WHAT THE TASK ASKS: Nothing but the lines from the first line of the material below through the line that holds "年初至今,业绩回报居前的10" should be set down, exactly and with pictures left out.

THE RECORDS: Begin

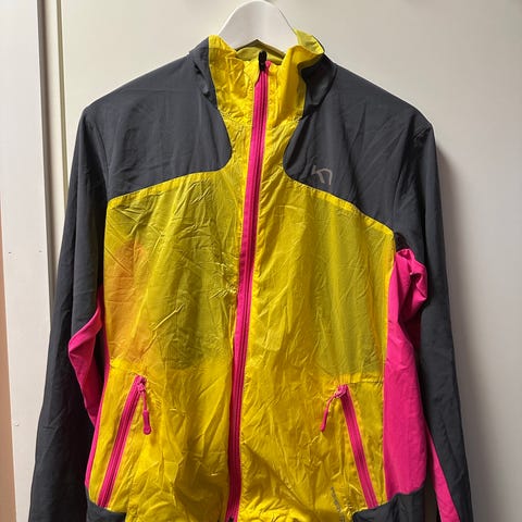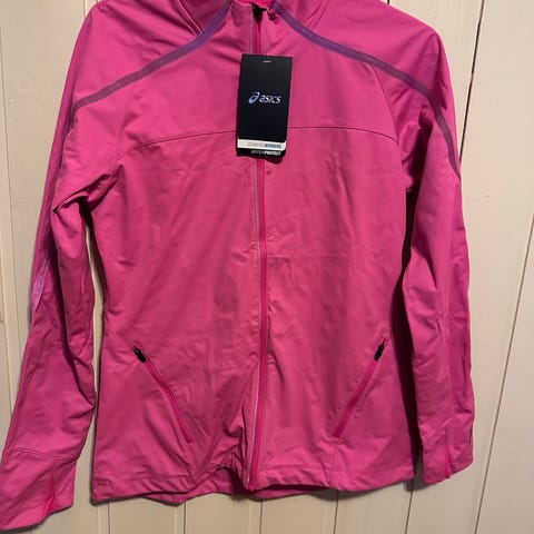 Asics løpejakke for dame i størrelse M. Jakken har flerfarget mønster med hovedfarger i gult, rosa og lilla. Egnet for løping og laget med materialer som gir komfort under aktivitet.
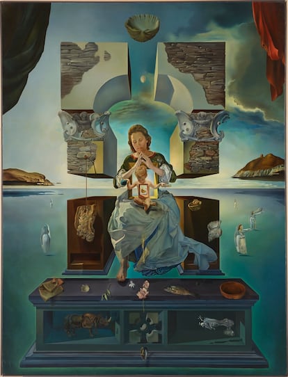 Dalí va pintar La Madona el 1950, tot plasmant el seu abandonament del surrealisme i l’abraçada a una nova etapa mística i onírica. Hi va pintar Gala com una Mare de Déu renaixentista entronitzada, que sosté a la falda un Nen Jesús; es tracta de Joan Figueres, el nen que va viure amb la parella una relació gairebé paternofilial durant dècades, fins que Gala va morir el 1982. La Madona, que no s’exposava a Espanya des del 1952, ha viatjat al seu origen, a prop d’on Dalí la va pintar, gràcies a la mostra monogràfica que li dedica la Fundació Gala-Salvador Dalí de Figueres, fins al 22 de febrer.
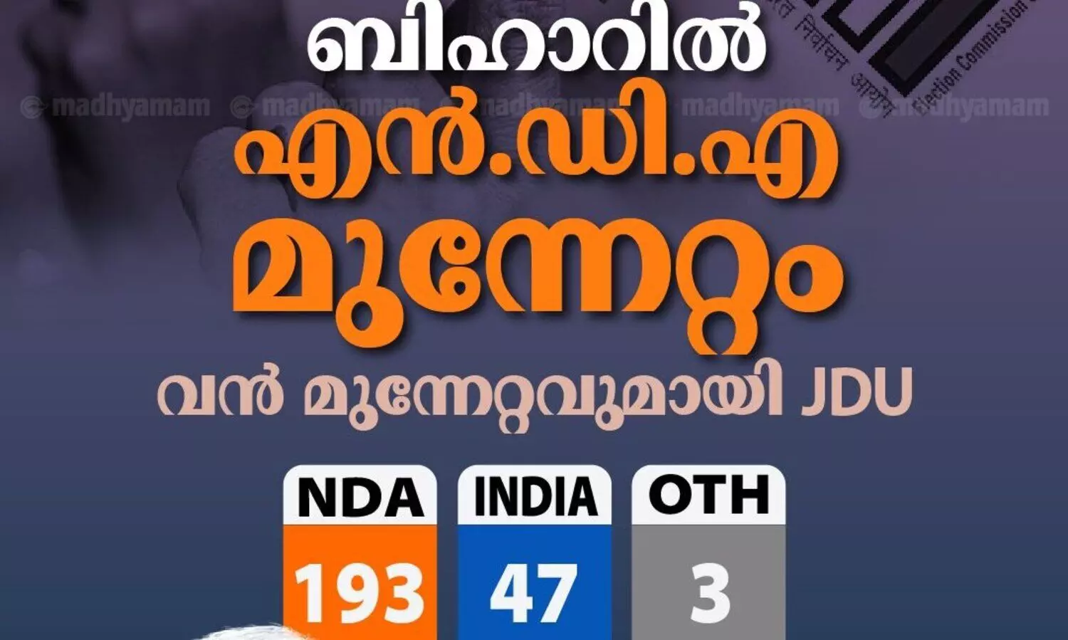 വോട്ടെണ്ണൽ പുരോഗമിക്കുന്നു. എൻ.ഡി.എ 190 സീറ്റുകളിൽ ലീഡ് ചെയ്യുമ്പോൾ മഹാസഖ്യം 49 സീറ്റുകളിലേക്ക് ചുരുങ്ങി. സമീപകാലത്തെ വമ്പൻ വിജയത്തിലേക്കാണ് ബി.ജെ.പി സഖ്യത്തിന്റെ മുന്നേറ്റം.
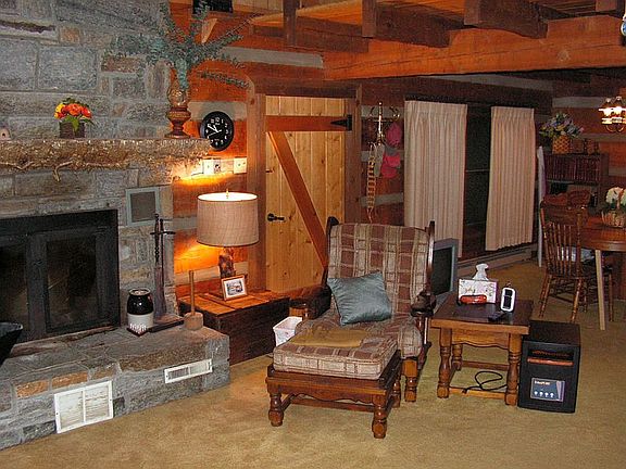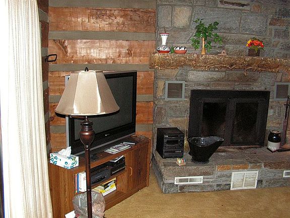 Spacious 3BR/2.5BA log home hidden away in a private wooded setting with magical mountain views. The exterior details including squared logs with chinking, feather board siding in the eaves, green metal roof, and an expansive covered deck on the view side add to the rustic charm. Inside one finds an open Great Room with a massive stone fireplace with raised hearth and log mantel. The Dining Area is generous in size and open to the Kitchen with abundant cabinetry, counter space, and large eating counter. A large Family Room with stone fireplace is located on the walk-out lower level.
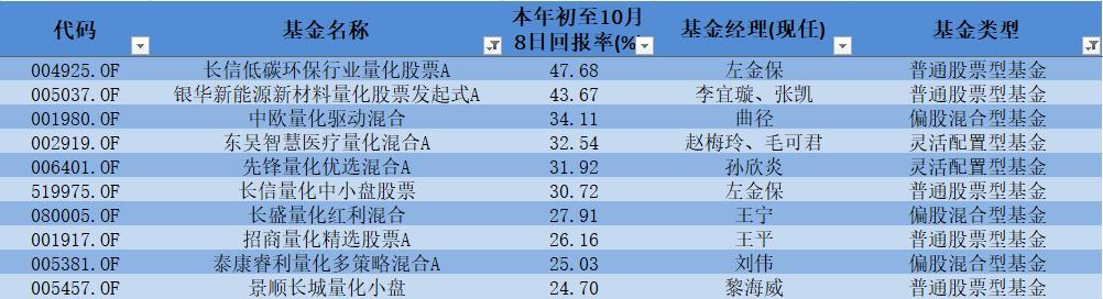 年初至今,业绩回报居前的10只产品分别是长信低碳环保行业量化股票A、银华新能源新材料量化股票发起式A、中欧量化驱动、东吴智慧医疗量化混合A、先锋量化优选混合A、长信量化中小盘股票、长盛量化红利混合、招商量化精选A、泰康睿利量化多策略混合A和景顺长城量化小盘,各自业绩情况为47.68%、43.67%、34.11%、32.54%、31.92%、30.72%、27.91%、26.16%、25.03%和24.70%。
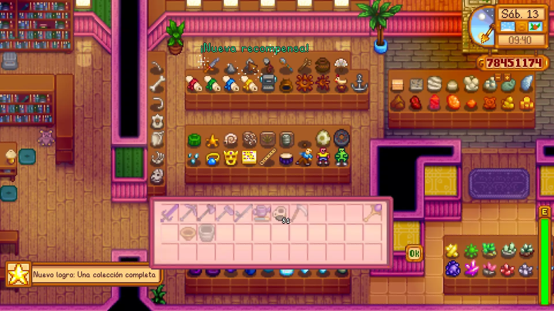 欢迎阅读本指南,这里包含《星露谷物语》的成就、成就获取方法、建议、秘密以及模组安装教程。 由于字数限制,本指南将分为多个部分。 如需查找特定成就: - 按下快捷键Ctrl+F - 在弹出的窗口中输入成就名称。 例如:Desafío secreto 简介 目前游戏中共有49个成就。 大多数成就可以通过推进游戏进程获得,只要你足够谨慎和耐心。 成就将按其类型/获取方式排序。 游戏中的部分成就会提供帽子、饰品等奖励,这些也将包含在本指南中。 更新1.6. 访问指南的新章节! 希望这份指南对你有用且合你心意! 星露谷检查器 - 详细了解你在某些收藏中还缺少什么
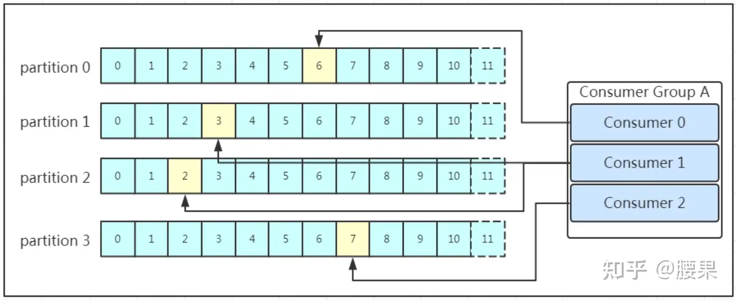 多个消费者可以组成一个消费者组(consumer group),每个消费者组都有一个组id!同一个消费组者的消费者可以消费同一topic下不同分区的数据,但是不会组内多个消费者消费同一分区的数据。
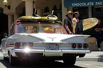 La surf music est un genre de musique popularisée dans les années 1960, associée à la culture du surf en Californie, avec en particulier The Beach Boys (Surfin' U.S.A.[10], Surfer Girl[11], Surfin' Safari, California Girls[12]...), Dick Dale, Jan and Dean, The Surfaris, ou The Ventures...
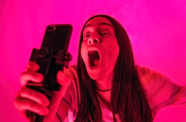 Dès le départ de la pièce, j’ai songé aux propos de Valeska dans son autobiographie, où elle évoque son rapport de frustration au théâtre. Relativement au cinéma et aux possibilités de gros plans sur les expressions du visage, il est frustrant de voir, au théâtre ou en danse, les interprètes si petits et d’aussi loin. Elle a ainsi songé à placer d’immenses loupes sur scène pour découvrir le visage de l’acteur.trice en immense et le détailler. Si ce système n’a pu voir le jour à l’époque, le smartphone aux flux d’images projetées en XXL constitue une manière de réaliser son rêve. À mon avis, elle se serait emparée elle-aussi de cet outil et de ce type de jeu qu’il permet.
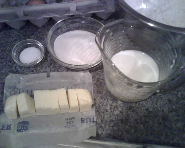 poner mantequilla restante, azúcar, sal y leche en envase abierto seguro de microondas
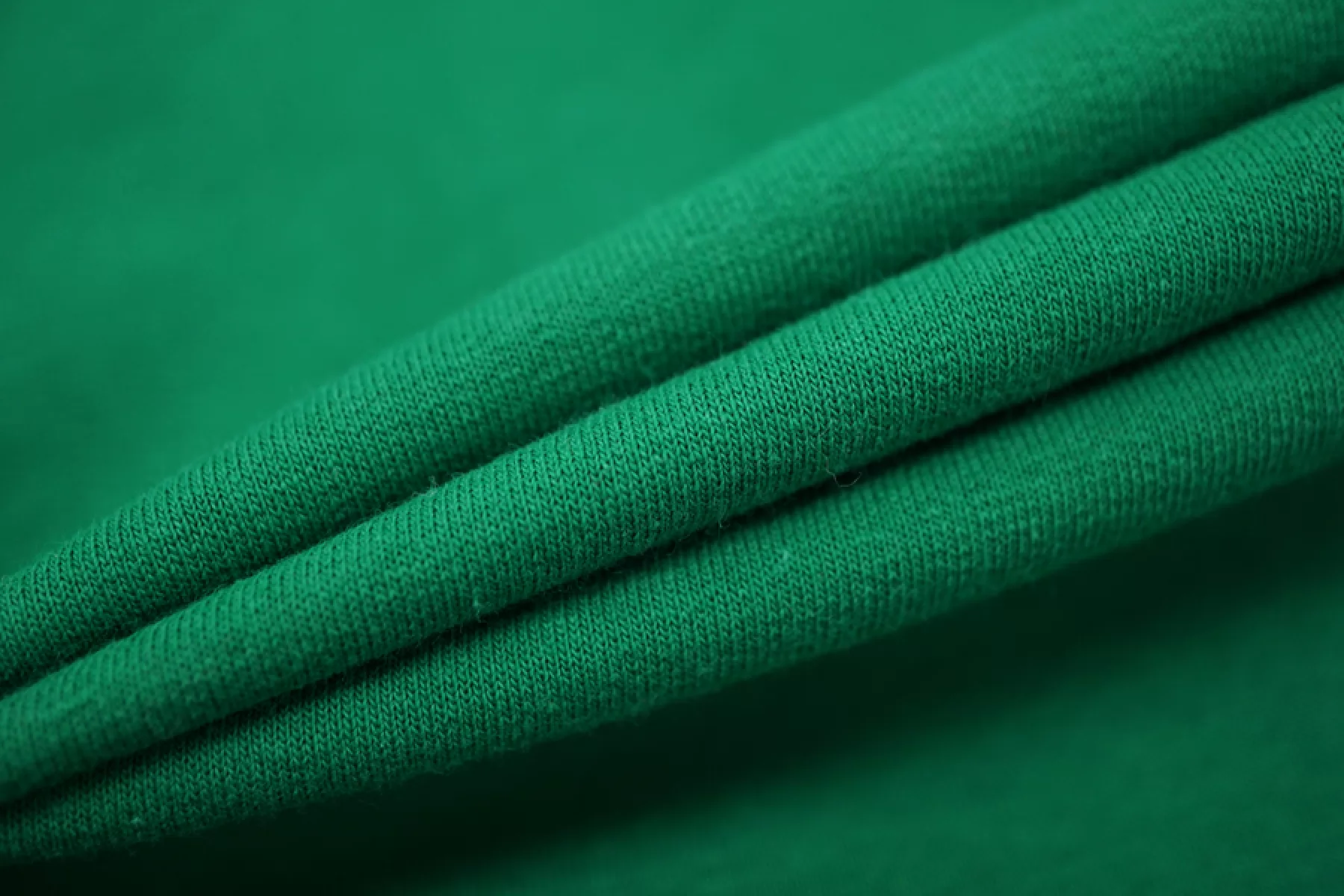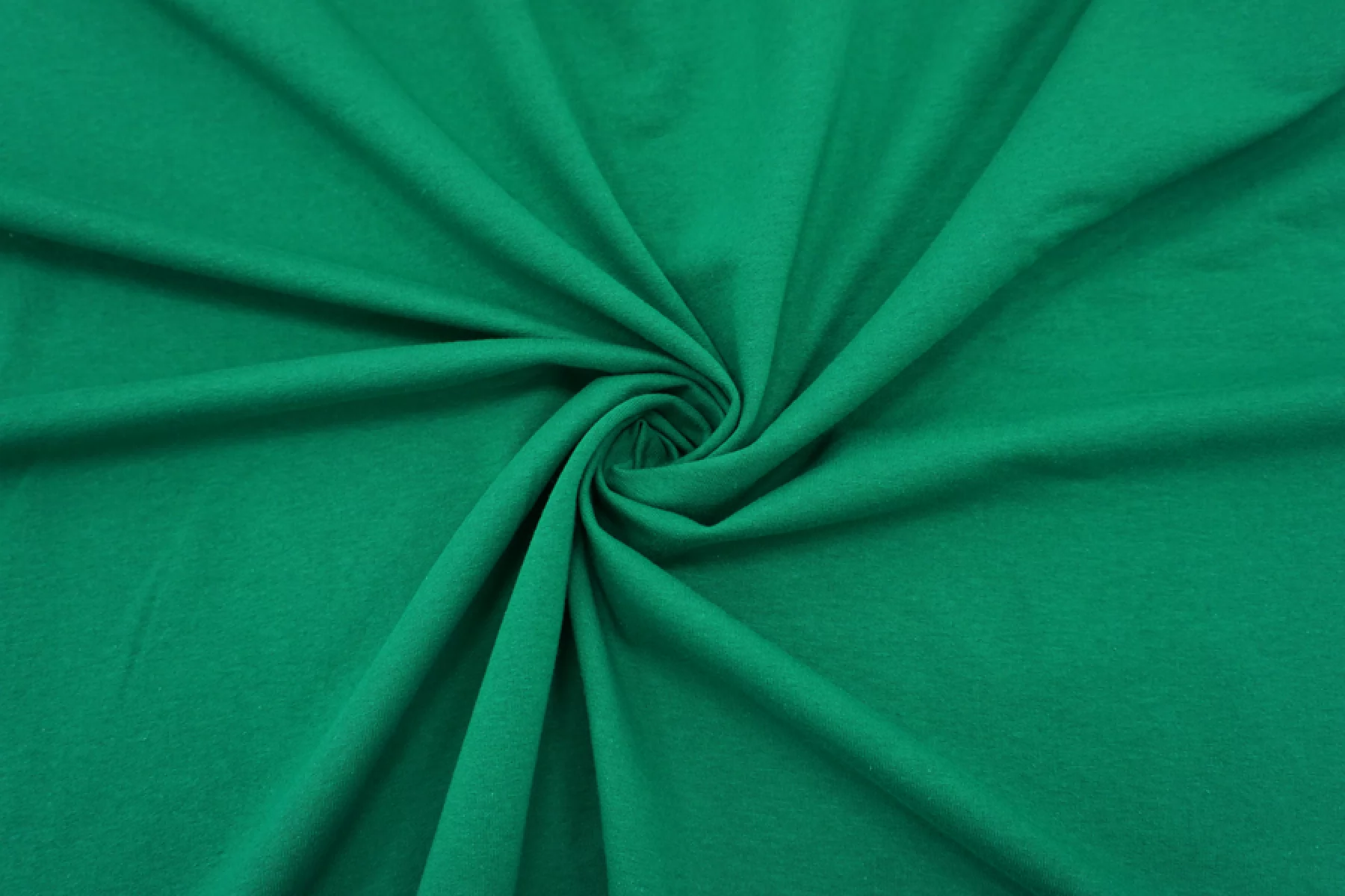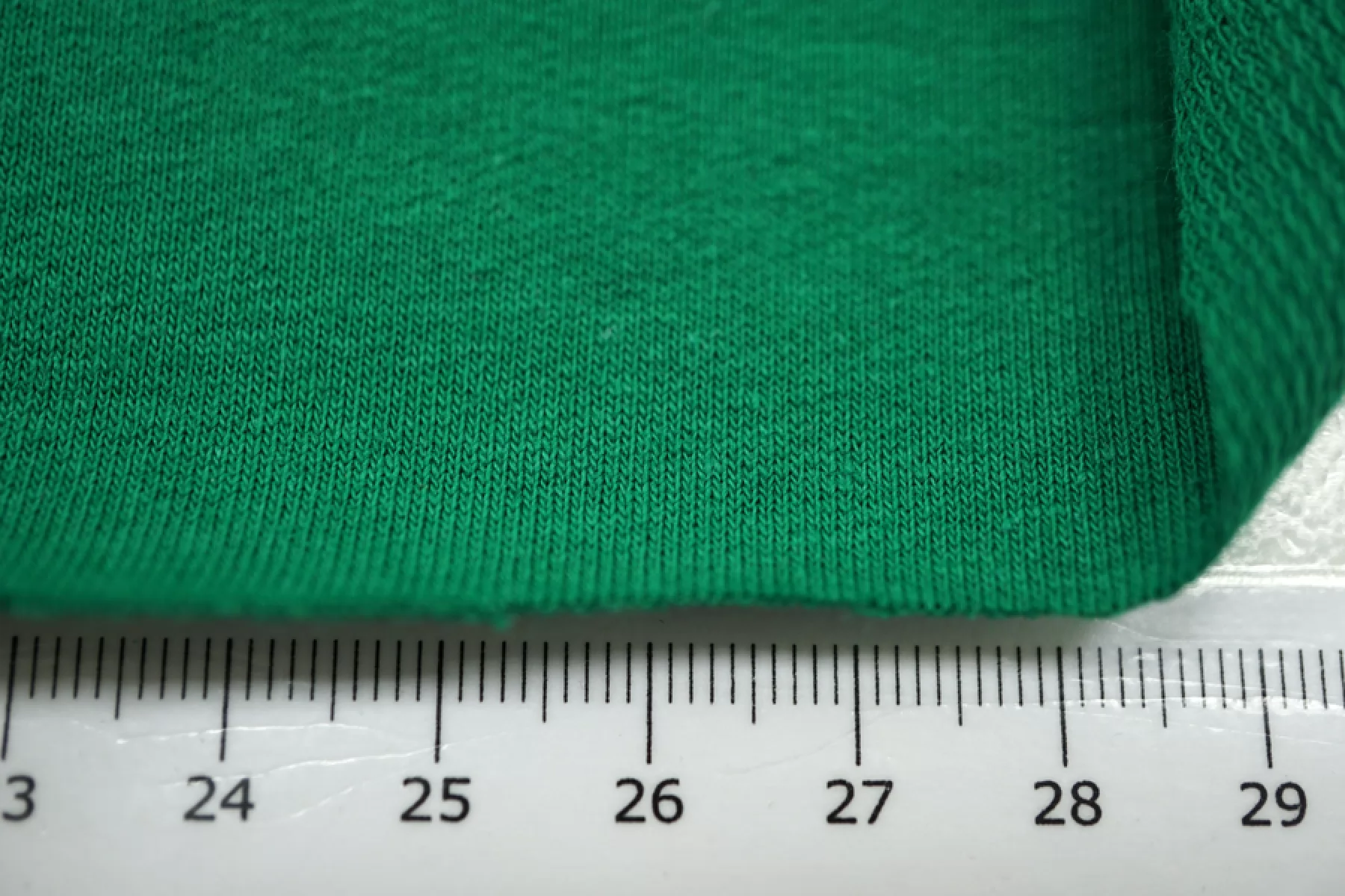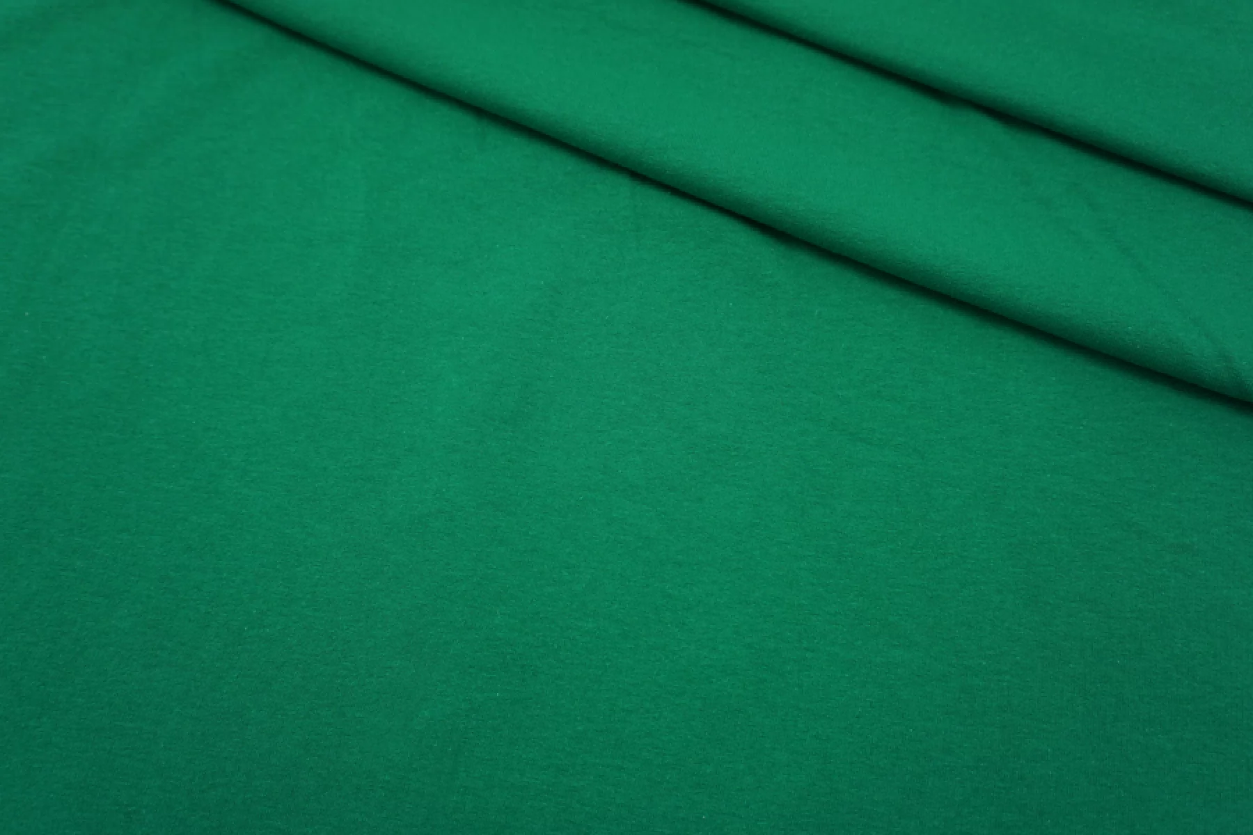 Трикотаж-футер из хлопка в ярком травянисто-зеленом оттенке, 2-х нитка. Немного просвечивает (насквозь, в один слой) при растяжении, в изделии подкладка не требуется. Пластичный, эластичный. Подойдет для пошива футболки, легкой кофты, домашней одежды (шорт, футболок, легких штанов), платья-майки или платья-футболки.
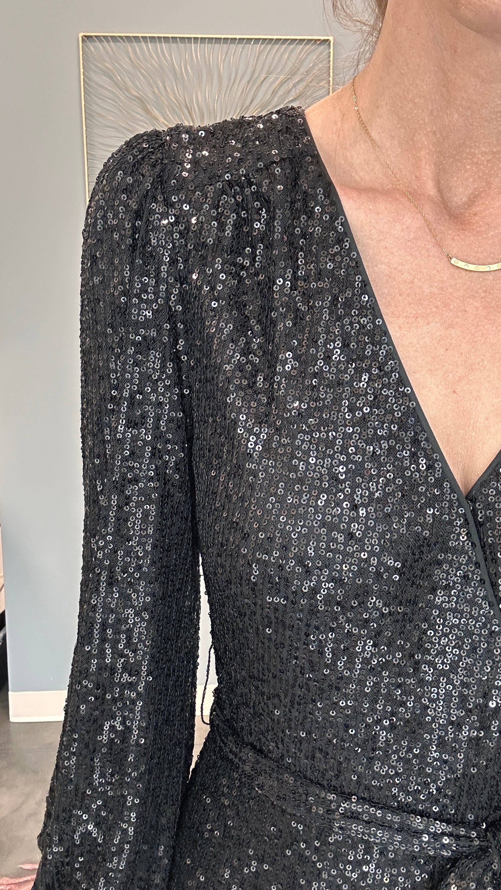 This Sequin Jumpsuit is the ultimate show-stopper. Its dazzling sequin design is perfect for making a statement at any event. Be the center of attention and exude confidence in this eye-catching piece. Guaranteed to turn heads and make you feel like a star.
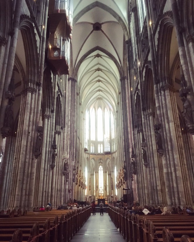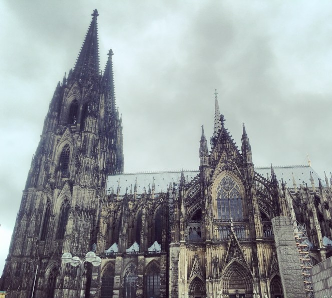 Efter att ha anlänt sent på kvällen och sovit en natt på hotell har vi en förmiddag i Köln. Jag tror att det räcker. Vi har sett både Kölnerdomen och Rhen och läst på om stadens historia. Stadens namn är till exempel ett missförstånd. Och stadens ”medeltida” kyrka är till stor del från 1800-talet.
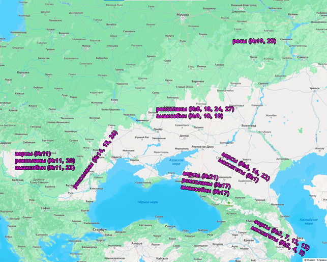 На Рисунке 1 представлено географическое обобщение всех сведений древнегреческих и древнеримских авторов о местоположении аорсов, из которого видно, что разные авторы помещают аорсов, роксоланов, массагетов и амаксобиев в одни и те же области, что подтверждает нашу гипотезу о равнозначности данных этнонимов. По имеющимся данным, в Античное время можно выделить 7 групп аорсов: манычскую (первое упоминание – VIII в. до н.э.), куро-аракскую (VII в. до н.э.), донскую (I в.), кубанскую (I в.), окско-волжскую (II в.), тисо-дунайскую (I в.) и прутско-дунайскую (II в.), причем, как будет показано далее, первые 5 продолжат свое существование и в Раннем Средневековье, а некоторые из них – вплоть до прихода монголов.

THE RECORDS: End

YOUR SOLUTION:
 Asics løpejakke for dame i størrelse M. Jakken har flerfarget mønster med hovedfarger i gult, rosa og lilla. Egnet for løping og laget med materialer som gir komfort under aktivitet.
 Dalí va pintar La Madona el 1950, tot plasmant el seu abandonament del surrealisme i l’abraçada a una nova etapa mística i onírica. Hi va pintar Gala com una Mare de Déu renaixentista entronitzada, que sosté a la falda un Nen Jesús; es tracta de Joan Figueres, el nen que va viure amb la parella una relació gairebé paternofilial durant dècades, fins que Gala va morir el 1982. La Madona, que no s’exposava a Espanya des del 1952, ha viatjat al seu origen, a prop d’on Dalí la va pintar, gràcies a la mostra monogràfica que li dedica la Fundació Gala-Salvador Dalí de Figueres, fins al 22 de febrer.
 വോട്ടെണ്ണൽ പുരോഗമിക്കുന്നു. എൻ.ഡി.എ 190 സീറ്റുകളിൽ ലീഡ് ചെയ്യുമ്പോൾ മഹാസഖ്യം 49 സീറ്റുകളിലേക്ക് ചുരുങ്ങി. സമീപകാലത്തെ വമ്പൻ വിജയത്തിലേക്കാണ് ബി.ജെ.പി സഖ്യത്തിന്റെ മുന്നേറ്റം.
 Spacious 3BR/2.5BA log home hidden away in a private wooded setting with magical mountain views. The exterior details including squared logs with chinking, feather board siding in the eaves, green metal roof, and an expansive covered deck on the view side add to the rustic charm. Inside one finds an open Great Room with a massive stone fireplace with raised hearth and log mantel. The Dining Area is generous in size and open to the Kitchen with abundant cabinetry, counter space, and large eating counter. A large Family Room with stone fireplace is located on the walk-out lower level.
 年初至今,业绩回报居前的10只产品分别是长信低碳环保行业量化股票A、银华新能源新材料量化股票发起式A、中欧量化驱动、东吴智慧医疗量化混合A、先锋量化优选混合A、长信量化中小盘股票、长盛量化红利混合、招商量化精选A、泰康睿利量化多策略混合A和景顺长城量化小盘,各自业绩情况为47.68%、43.67%、34.11%、32.54%、31.92%、30.72%、27.91%、26.16%、25.03%和24.70%。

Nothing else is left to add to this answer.